System Design
BreachResponse is a distributed system spanning five runtime environments: a Next.js frontend, a Python sentinel agent, Mantle Sepolia smart contracts, a Neon PostgreSQL database, and GenLayer StudioNet consensus validators.
System Topology
┌──────────────────┐
│ GenLayer Validators│
│ (Nondeterministic │
│ LLM Consensus) │
└────────┬─────────┘
│ readContract / writeContract
│
┌──────────────┐ HTTP/SSE ┌──────────────┐ RPC/WS ┌──────────────┐
│ │◄───────────────►│ │◄─────────────►│ │
│ Next.js │ │ Python │ │ Mantle │
│ Frontend │ POST /api/* │ Sentinel │ eth_getLogs │ Sepolia │
│ (Vercel) │ SSE /logs/ │ Agent │ eth_sendTx │ RPC Node │
│ │ stream │ (Railway) │ │ │
└──────┬───────┘ └──────────────┘ └──────────────┘
│
│ SQL (pg)
│
┌──────┴───────┐ ┌──────────────┐
│ │ │ │
│ Neon │ │ Upstash │
│ PostgreSQL │ │ Redis │
│ │ │ (Event Bus) │
└──────────────┘ └──────────────┘
Component Breakdown
1. Next.js Frontend (frontend/)
The Command Center is a Next.js 16 App Router application with:
| Layer | Technology | Files |
|---|---|---|
| Routing | Next.js App Router | src/app/ |
| API Routes | Route Handlers (Node.js runtime) | src/app/api/**/route.ts |
| Styling | Tailwind CSS 4 | Global styles |
| Wallet | RainbowKit + Wagmi + Viem | Wallet connection, Mantle Sepolia |
| Charts/UI | Framer Motion + Lucide React | Dashboard widgets |
| Consensus | genlayer-js SDK | GenLayer contract interaction |
Key libraries from package.json:
{
"@rainbow-me/rainbowkit": "^2.2.11",
"ethers": "^6.16.0",
"framer-motion": "^12.40.0",
"genlayer-js": "^0.8.0",
"next": "^16.2.7",
"pg": "^8.21.0",
"viem": "^2.52.2",
"wagmi": "^2.19.5"
}
API Route Architecture
src/app/api/
├── audit/route.ts POST -- AI contract auditing
├── analyze/route.ts POST -- AI threat classification
├── compare/route.ts POST -- Groq vs Hunyuan parallel analysis
├── gas-estimate/route.ts POST -- Gas cost estimation
├── sentinels/route.ts GET/POST/PUT -- Sentinel node CRUD
├── nodes/heartbeat/route.ts POST -- Agent heartbeat
├── vault/status/route.ts GET -- TargetVault pause status
├── metrics/value-monitored/route.ts GET -- Total value monitored
└── logs/
├── ingest/route.ts POST -- Agent telemetry ingestion
└── stream/route.ts GET -- SSE telemetry stream
Each route runs in the nodejs runtime (not Edge) because it accesses process.env, PostgreSQL via pg, and the Node.js crypto module.

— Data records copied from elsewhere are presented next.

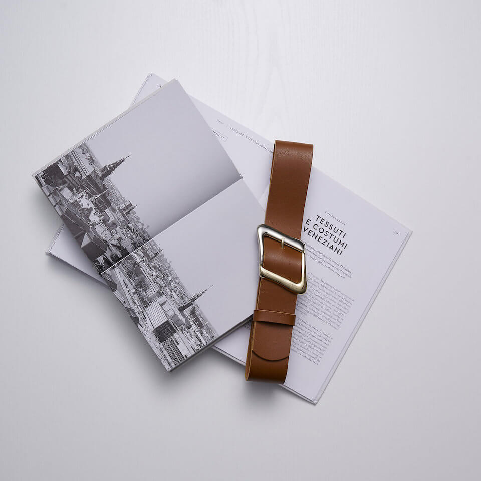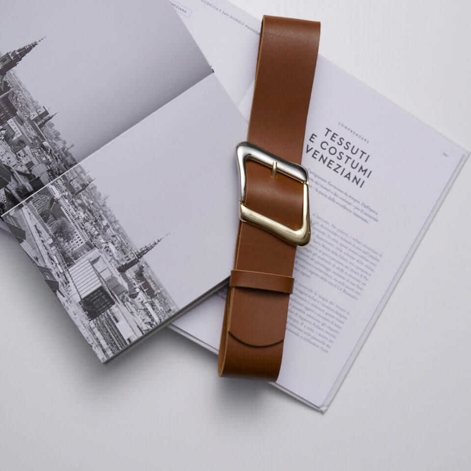 Χειροποίητη δερμάτινη ζώνη με χρυσή και νίκελ μεταλλική αγκράφα.
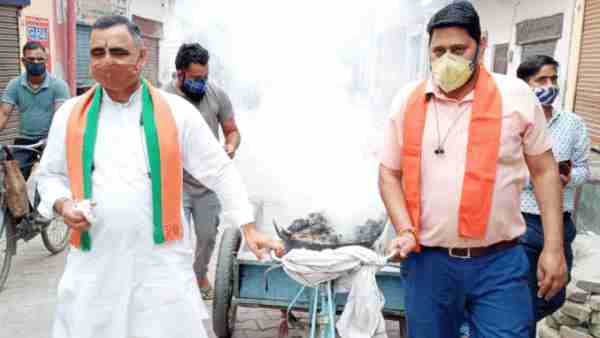 ठेले पर हवन का धुआं लेकर शंख बजाते हुए मेरठ की गलियों में घूमे भाजपा नेता, कहा- भागेगा कोरोना
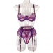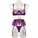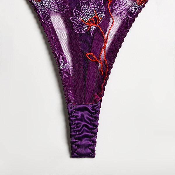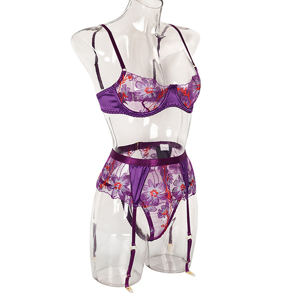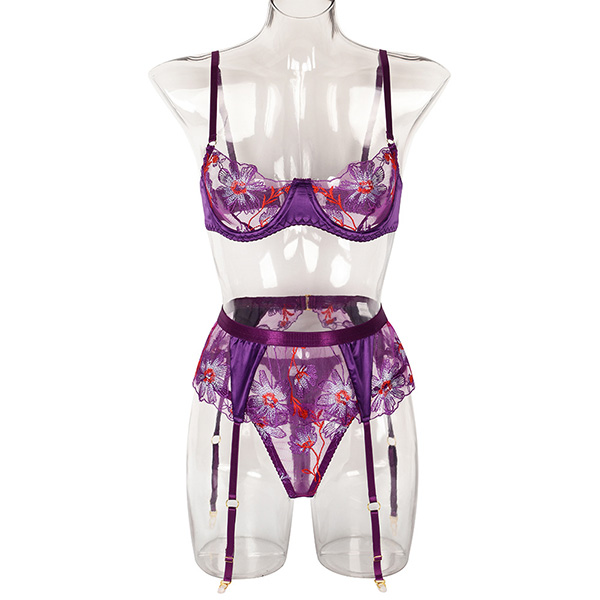 Sexy Semi-through Gauze Floral Embroidery Three-piece Lingerie Set
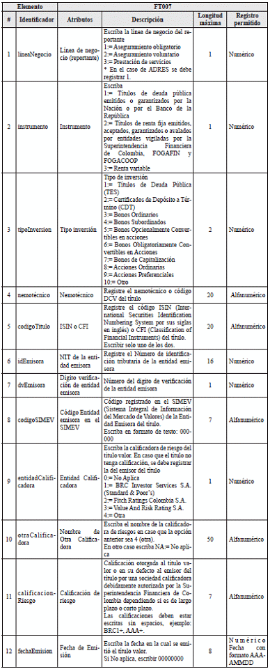 2. Archivo tipo FT007 – Control de Inversiones Inscritas en el Mercado de Valores de Colombia

2. Python Sentinel Agent (agent/)
The agent is a single-process Python application with three core modules:
| Module | File | Purpose |
|---|---|---|
| Main Loop | agent/main.py | Block scanning, threat detection, response execution |
| Incident Analyzer | agent/incident_analyzer.py | OpenAI-compatible LLM integration for exploit analysis |
| Reporter | agent/reporter.py | HTTP bridge to frontend API for telemetry and heartbeats |
Dependencies
web3 -- Ethereum/Mantle RPC interaction
requests -- (transitive, used by web3)
python-dotenv -- Environment variable loading
openai -- LLM API client (Groq, Hunyuan, OpenAI-compatible)
Entry Points
- Railway deployment:
railway.jsonspecifiespython main.pyfrom the repo root, which shims toagent/main.py - Direct execution:
cd agent && python main.py - With virtualenv:
cd agent && source venv/bin/activate && python main.py
3. Smart Contracts (contracts/)
Four Solidity contracts deployed with Hardhat:
| Contract | File | Network | Address |
|---|---|---|---|
| SentinelRegistry | contracts/SentinelRegistry.sol | Mantle Sepolia | 0xea3C039795B5b04105B795c8B0cB85e0a42Cc85C |
| TargetVault | contracts/TargetVault.sol | Mantle Sepolia | 0x9d9b602CFe69cfF9706EAc399808E84682ce94FB |
| Attacker | contracts/Attacker.sol | Mantle Sepolia | (deployed per simulation) |
| TestProtocol | contracts/TestProtocol.sol | Mantle Sepolia | (deployed per test) |
Hardhat configuration (contracts/hardhat.config.ts):
networks: {
mantle_sepolia: {
type: "http",
chainType: "op", // Optimism stack (Mantle is OP-derived)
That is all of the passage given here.